Último agachado da direita para a esquerda, Zé Roberto fez parte da Máquina Tricolor

Era treinador mas meus jogadores me chamavam de professor. Não era. Mas curtia demais as preleções. Se pudesse, adiava a partida para ficar ali no vestiário repassando ensinamentos às nova gerações, afinal, meus treinadores foram Pinheiro, Telê, Zagalo, Parreira, Antoninho, Paulo Emílio, Didi, Carlos Froner, Claudio Coutinho, Sebastião Lazarone, Evaristo Macedo, Jouber Meira, Jair da Rosa Pinto, Paulo Henrique… seria um desperdício, diante de um privilégio desses, não dividir tamanha sabedoria. E tinha a parte política, que é a minha outra paixão, falar sobre cidadania, participação, respeito àquele pessoal da arquibancada que pagou ingresso e decidiremos no domingo se serão mais felizes, ou não, em razão dos resultados alcançados.

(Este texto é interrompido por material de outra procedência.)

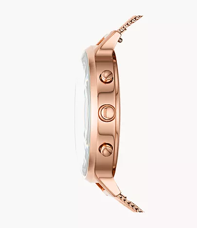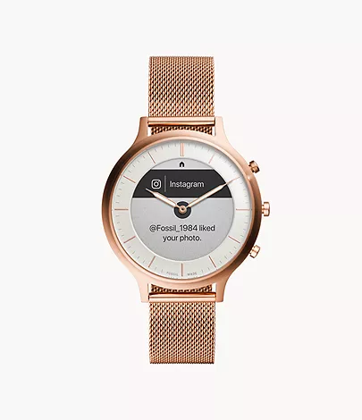 This product has one or more of the following defects: scratches on the case, scratches on the strap, small scratches on the display, damaged packaging. It is not possible to indicate the exact defect prior to delivery. Where smart meets style – this 42mm Charter hybrid smartwatch features a rose gold-tone stainless steel mesh bracelet and an always-on readout display so you can get your heart rate, message previews, weather and more at a glance, with 2+ weeks of battery life on a single charge.

Zé Roberto dando sua primeiro aula

E pensei comigo ao procurar um novo espaço na sociedade: na próxima encarnação vou ser professor. Após me formar Jornalista, vi o anúncio de uma pós-graduação em História, Política e Sociedade na UCP que nos tornaria um “especialista”. E fiz vestibular para História na Unirio. Fui estudando, fazendo a conta e pensei: se não for reprovado em nenhuma matéria, pego o diploma com 67 anos e… quem sabe?

Bem, na ultima quarta-feira, realizei meu sonho: dei no Colégio Walter Francklin, em Três Rios, para meus amigos acolhidos no CapsAd, aos 64 anos, 9 meses e 1 dia, minha primeira aula de História do Brasil. Era sobre o descobrimento, mas o que descobri mesmo foi que para alcançar um novo mundo ainda neste mundo não basta apenas imaginar o que há após o Cabo da Boa Esperança. Temos que alçar nossas caravelas da vontade, singrar os mares com a força da determinação, com qualquer idade, e alcançar o país que habita dentre dos nossos sonhos. Se for no Brasil, e nesta encarnação, podemos até colaborar em sala de aula para que alcance, de verdade, a sua independência.